Anleger wollen kurzfristig von einem starken Anstieg einer Aktie oder eines Index überproportional profitieren. Mit Outperformance-Zertifikaten können Anleger gehebelt am Kursanstieg des Basiswerts teilhaben und erhöhen so ihre Chancen im Vergleich zu einem direkten Investment. Gleichzeitig rechnen sie mit deutlich steigenden Kursen.

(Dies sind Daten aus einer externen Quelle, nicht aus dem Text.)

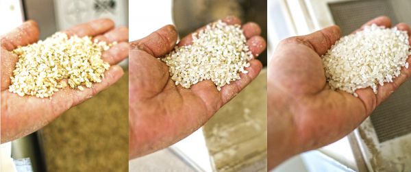 Обработка ядра различается. Шлифованный рис – это когда с зерна удаляется лузга (верхняя непищевая оболочка) а после зерно шлифуется до белого цвета с удалением всех плёнок. Слабошлифованный – шлифовка щадящая, с частичным удалением алейронового слоя. Более полезный вариант. Нешлифованный рис теряет только лузгу, в нём наибольшее содержание минералов и витаминов.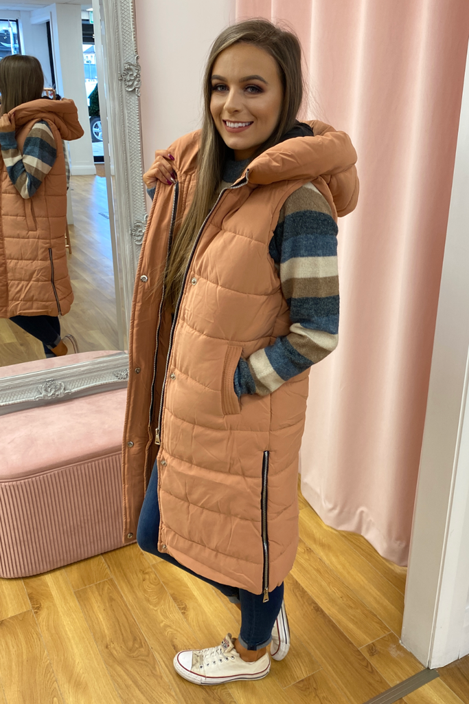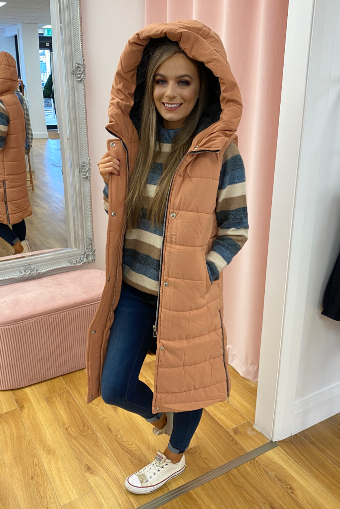 A wardrobe must have! Our tan longline puffer gilet is sure to keep you cosy! Featuring a zip up front with snap button closure, oversized hood and side pockets. Zip detailing on both sides for an extra bit of detail. Gilets are perfect for layering and are super versatile!

Mit Outperformance-Zertifikaten kann bereits bei moderat steigenden Märkten eine überdurchschnittliche Entwicklung erreicht werden. Anleger kaufen dieses Produkt in der Regel zu einem ähnlichen Preis wie die Aktie oder den Index. Wird der zuvor festgelegte Startkurs des Basiswerts überschritten, so können Anleger von den Kursgewinnen überproportional profitieren. Ermöglicht wird dies durch einen eingebauten Hebel, der ab einer gewissen Schwelle für eine überdurchschnittliche Performance sorgt. Die Höhe des Gewinns ist abhängig von der so genannten Partizipationsrate. Sie gibt an, um wie viel mehr das Zertifikat gegenüber dem Basiswert steigt. Üblicherweise liegt die Partizipationsrate zwischen 120 und 200 Prozent, was einem Hebel von 1,2 bis 2 entspricht. Je stärker der Basiswert steigt, umso mehr profitiert der Anleger, da ab einer bestimmten Schwelle der Gewinn stärker wächst als der Kurs des Basiswerts. Fällt der Kurs des Basiswerts, so verhält sich das Outperformance-Zertifikat 1:1 wie die zugrunde liegende Aktie oder der Index. Der Hebel wirkt also nur bei steigenden Kursen.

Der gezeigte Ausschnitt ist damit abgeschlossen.